§ **WORK ITEM**:
Write the listing below out again exactly, dropping the images.

§ **RECORDED DATA**:
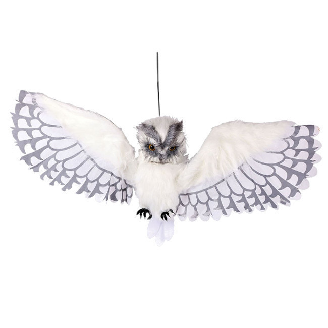 Dies ist eine hängende Figur einer künstlichen Eule, die Bewegungen machen kann und die Zuschauer glauben lässt, dass sie echt ist.
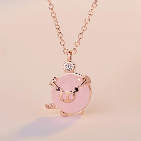 Foydjew-女性用の金メッキピンククリスタルのネックレス かわいい ピンクのペンダント
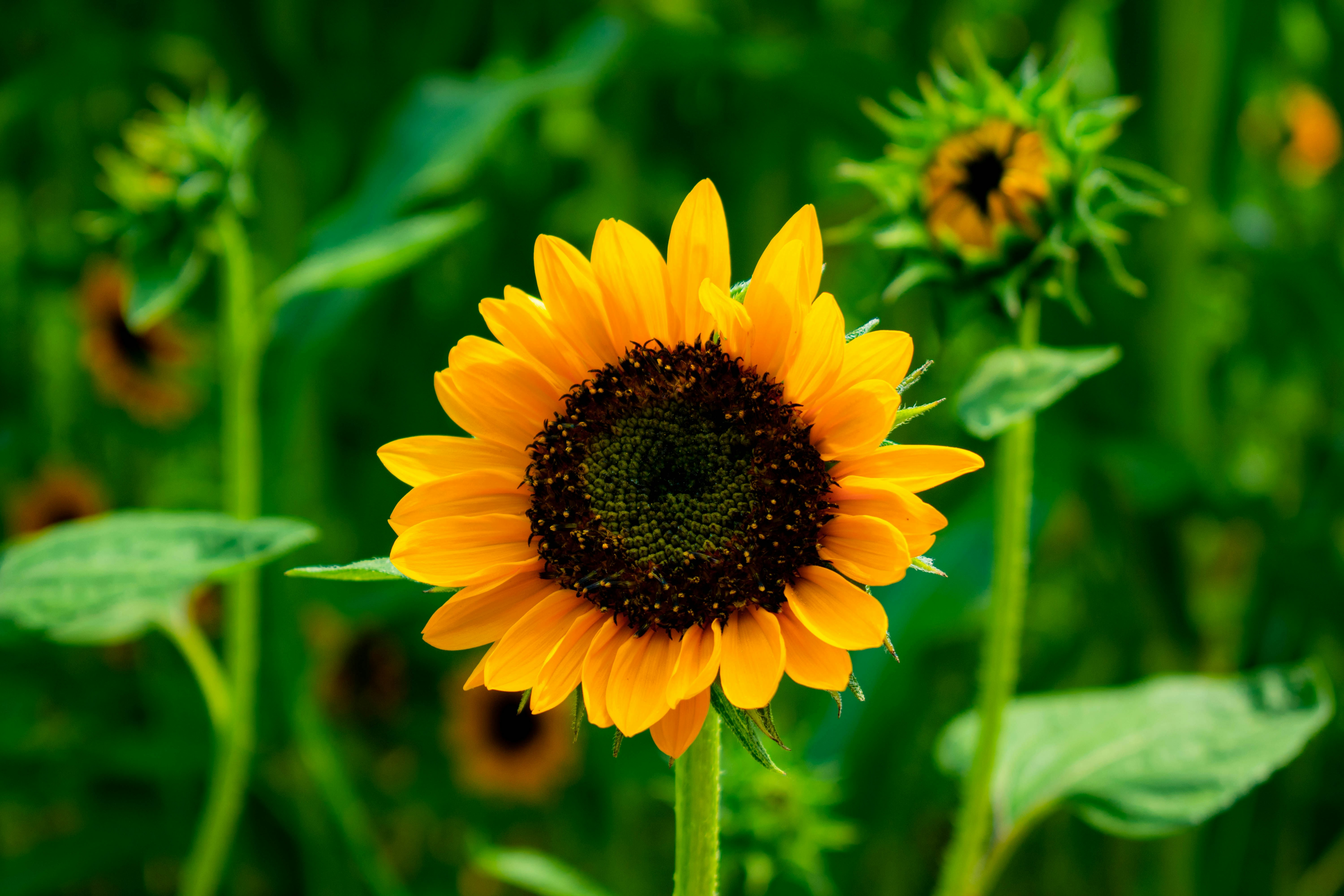 Sunflower - Sunflowers prefer full sun and well-draining soil. Plant the seeds directly in the ground after the last frost, and water regularly.

§ **ANSWER SECTION**:
 Dies ist eine hängende Figur einer künstlichen Eule, die Bewegungen machen kann und die Zuschauer glauben lässt, dass sie echt ist.
 Foydjew-女性用の金メッキピンククリスタルのネックレス かわいい ピンクのペンダント
 Sunflower - Sunflowers prefer full sun and well-draining soil. Plant the seeds directly in the ground after the last frost, and water regularly.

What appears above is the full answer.